§ To do:
When you reproduce these records, keep every word exactly and drop the images.

Saved data entries

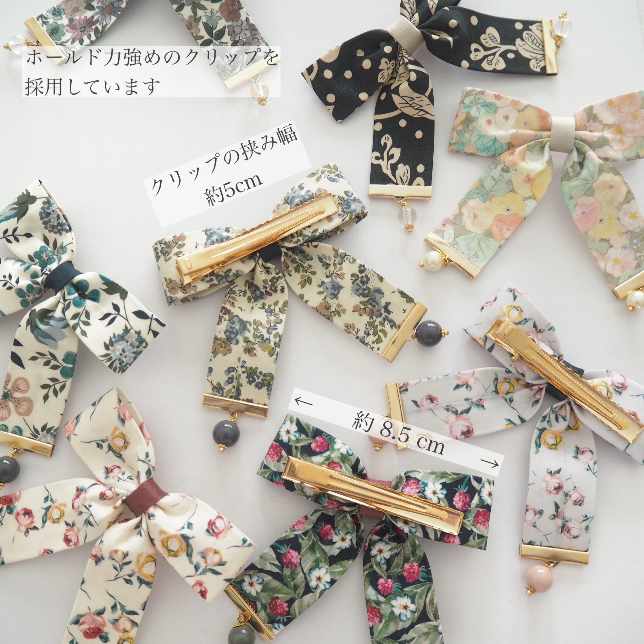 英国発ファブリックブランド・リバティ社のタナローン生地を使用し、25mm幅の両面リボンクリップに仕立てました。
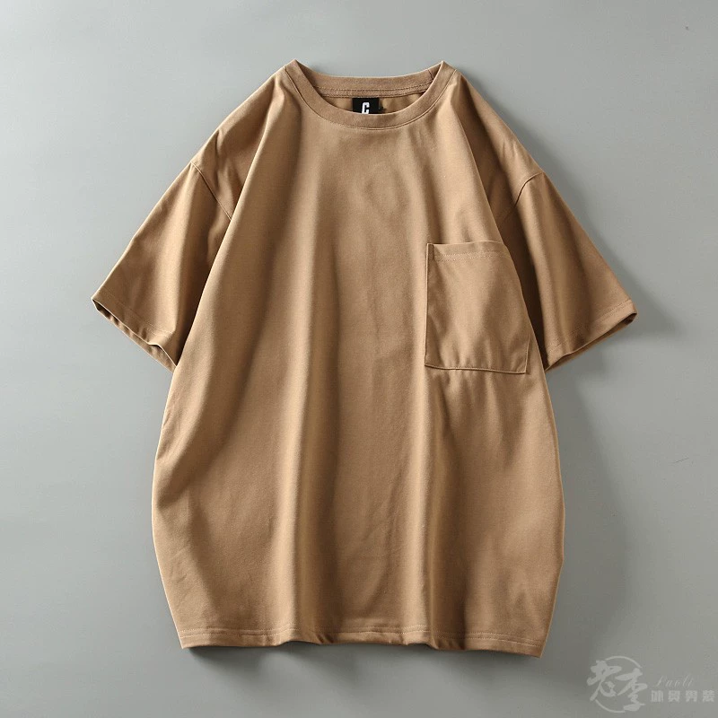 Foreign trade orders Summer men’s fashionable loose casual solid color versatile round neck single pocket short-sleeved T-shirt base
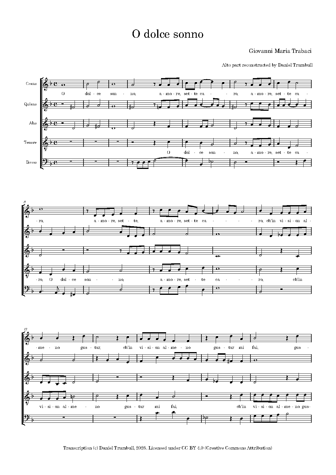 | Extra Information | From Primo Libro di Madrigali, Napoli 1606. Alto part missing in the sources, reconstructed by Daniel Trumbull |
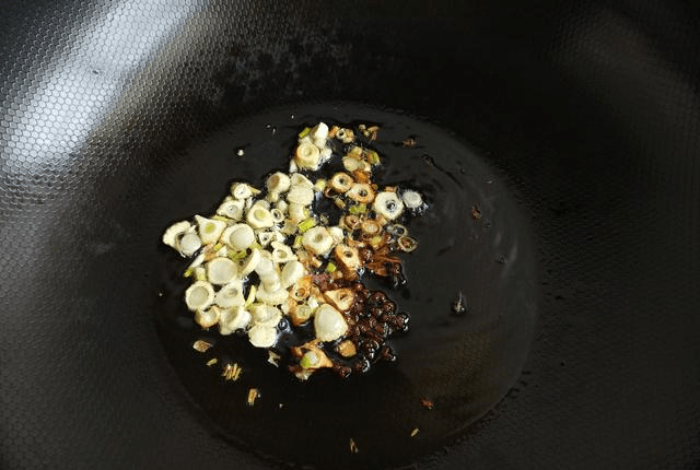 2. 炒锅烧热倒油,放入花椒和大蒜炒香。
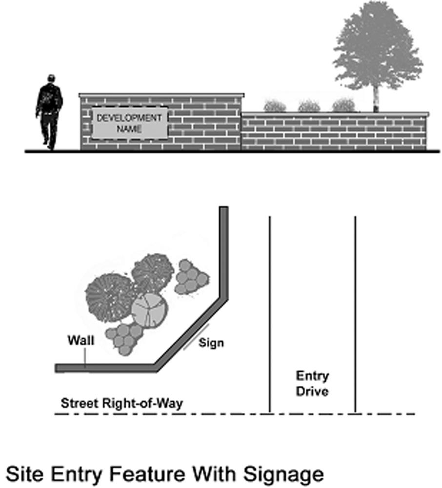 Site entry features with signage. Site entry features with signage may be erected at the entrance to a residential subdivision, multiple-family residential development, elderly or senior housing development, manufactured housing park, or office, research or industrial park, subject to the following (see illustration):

§ Exercise solution:
 英国発ファブリックブランド・リバティ社のタナローン生地を使用し、25mm幅の両面リボンクリップに仕立てました。
 Foreign trade orders Summer men’s fashionable loose casual solid color versatile round neck single pocket short-sleeved T-shirt base
 | Extra Information | From Primo Libro di Madrigali, Napoli 1606. Alto part missing in the sources, reconstructed by Daniel Trumbull |
 2. 炒锅烧热倒油,放入花椒和大蒜炒香。
 Site entry features with signage. Site entry features with signage may be erected at the entrance to a residential subdivision, multiple-family residential development, elderly or senior housing development, manufactured housing park, or office, research or industrial park, subject to the following (see illustration):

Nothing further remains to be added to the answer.